Unbelievable, she's blown it!!! The dust hadn't even settled, she is staring full on at a wall of unprotected anger paintings, yet she has become happy. She is shamefully marched off to the holding bay with laughing boy Holk, her wall is removed and the event continues.
It's time to up the stakes, so two extra screeching violinists are added and the beds which might be giving a happiness boost for some reason are sold off. Both remaining contestants start having bladder problems...
So I thoughfully added two toilets, right beside the walls of anger.
While they were doing their business, I went off to see how the two failures were getting on, and to set up their penalty tasks to continue this round.
Then readers, that's when I witnessed true horror! The most evil, logic defying, cruellest thing to have happened during this experiment so far.
Thhhh--ummmm!!
Ah well, inevitable I suppose.
I guess it doesn't matter how corrupt and disruptive you try to be in the game, the game's programming will find a way to be even more corrupt.
It's my own fault really, usually the game mainly crashes after the game goes on a townie spawning spree – pushing the limits over the 180 cap and the game dies as it breaks its brain working out which of the carefully constructed family members to wipe out first.
I haven't had a problem with this happening for a while as I used a non culling/ less townie spawning mod which solved the problem- but in my eagerness to remove all mods to get purer results, I forgot I was removing one of the things that stopped the game dying.
Sorry sausage fans, when I get some strength to set that lot up again, I will continue.
Ta ta for now
It's really coming along awesomely though It's so much fun to read
- Froggie
WIP: http://forums.thesims.com/en_US/discussion/851667/australian-world-version-1-0-uploaded/p1
I almost had a bladder problem myself scrolling onto this picture lol
Something evil...
Excuse me!!
"Yeah, sissy! Beat that filthy hot dog up! Put him in his place!"

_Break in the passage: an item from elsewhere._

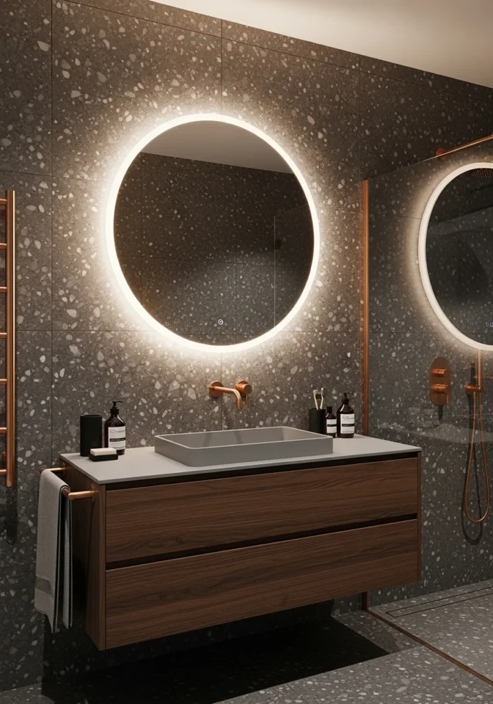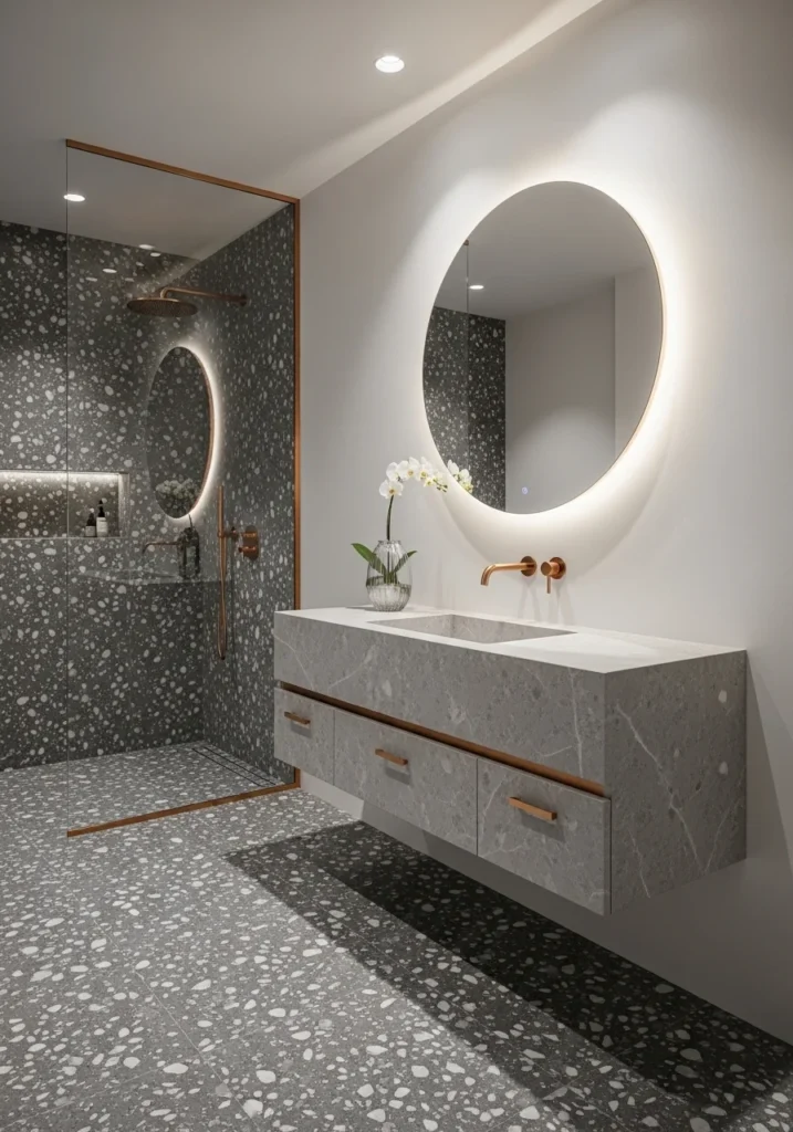 At the center of the vanity wall hangs a large circular mirror framed in elegant rose gold. The metallic frame provides a warm contrast against the darker terrazzo surface, making the mirror a striking focal point. Beneath it, a sleek floating vanity maintains a minimalist appearance while offering functional storage.

I forgot to ask this earlier - I've been using than Chun Li copy for a few days now while mucking about for these posts, and being as she has a clumsy trait I have never seen anything happen to her that looked like she was tripping over something or dropping something or anything to signify being part of her animations (cas animation aside). I assume there is actually something that that type of character does, but have just been unlucky in it not happening to her. Has anyone used a clumsy character before, and if so - what do they do?
I made some of my first Sims clumsy and was extremely disappointed. The one and only action they repeat over and over is breaking a bowl while washing dishes.